What Moves at the Margin
Title | What Moves at the Margin PDF eBook |
Author | Toni Morrison |
Publisher | Univ. Press of Mississippi |
Pages | 252 |
Release | 2008 |
Genre | Literary Collections |
ISBN | 9781604730173 |
Collecting three decades of Morrison's writings about her work, life, literature, and American society, this collection provides a unique glimpse into her viewpoint as an observer of the world, the arts, and the changing landscape of American culture.
Toni Morrison
Title | Toni Morrison PDF eBook |
Author | Toni Morrison |
Publisher | Univ.

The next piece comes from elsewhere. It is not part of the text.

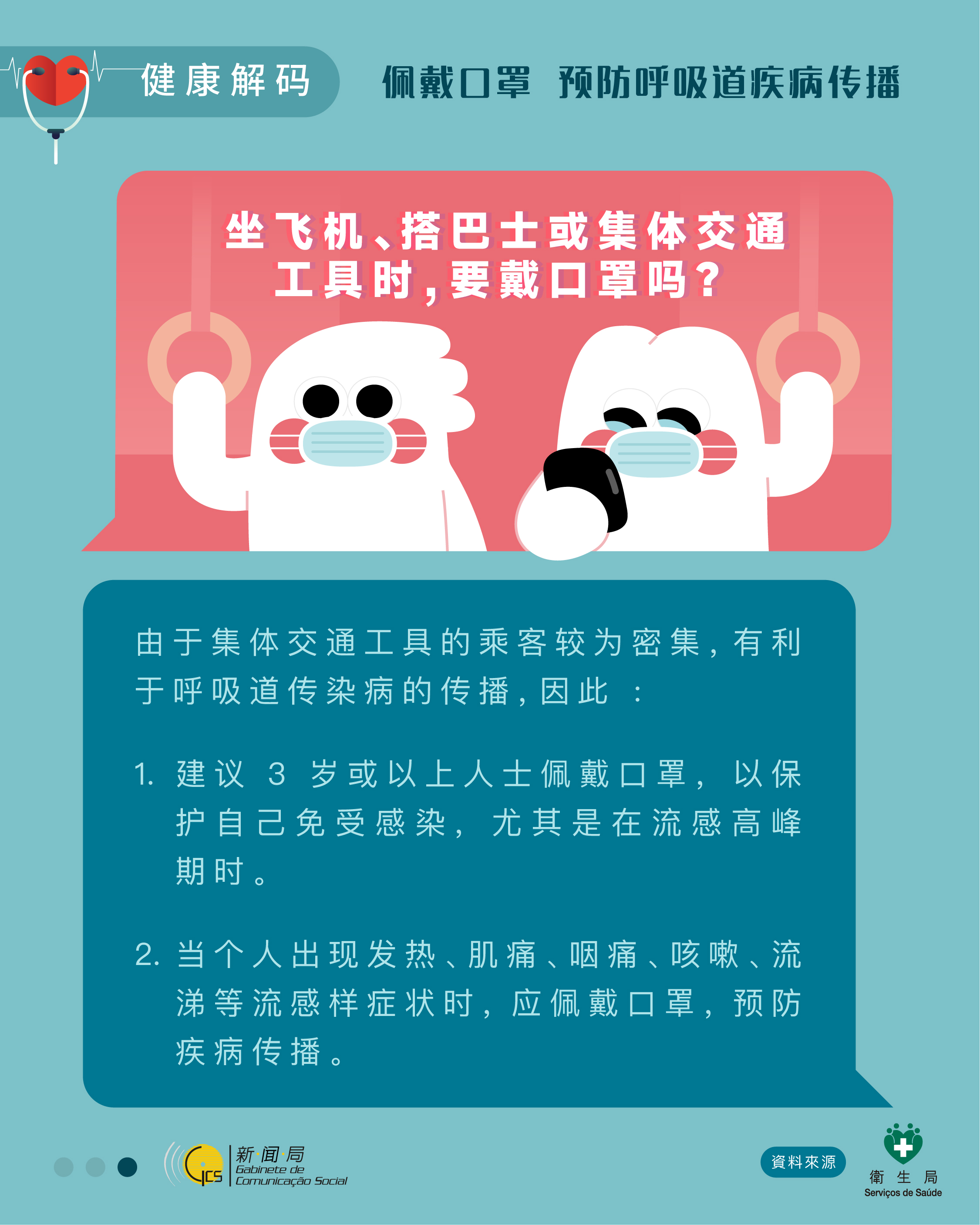 卫生局表示,春季是呼吸道传染病的好发季节,本澳现时新冠病毒持续活跃,呼吁居民加强注意防范,尤其高风险人士包括长者、患有严重慢性基础病、免疫力低下的人士应尽快完成接种JN.1新冠疫苗,感染后尽早就医使用抗病毒药物治疗,同时呼吁居民加强注意个人卫生,若有发烧、咳嗽等呼吸道症状时,身体抵抗力便会下降,外出时应佩戴口罩,以预防重迭感染其他呼吸道传染病,避免病情加重,并可减少疾病传播。

Press of Mississippi |
Pages | 300 |
Release | 2008 |
Genre | Biography & Autobiography |
ISBN | 9781604730197 |
Thirty years of interviews with the author of The Bluest Eye, Song of Solomon, Beloved, and other novels
Toni Morrison
Title | Toni Morrison PDF eBook |
Author | Carolyn C. Denard (ed) |
Publisher | |
Pages | |
Release | 2008 |
Genre | |
ISBN |
Feminist Theory
Title | Feminist Theory PDF eBook |
Author | bell hooks |
Publisher | Routledge |
Pages | 198 |
Release | 2014-10-03 |
Genre | Social Science |
ISBN | 1317588347 |
When Feminist Theory: From Margin to Center was first published in 1984, it was welcomed and praised by feminist thinkers who wanted a new vision. Even so, individual readers frequently found the theory "unsettling" or "provocative." Today, the blueprint for feminist movement presented in the book remains as provocative and relevant as ever. Written in hooks's characteristic direct style, Feminist Theory embodies the hope that feminists can find a common language to spread the word and create a mass, global feminist movement.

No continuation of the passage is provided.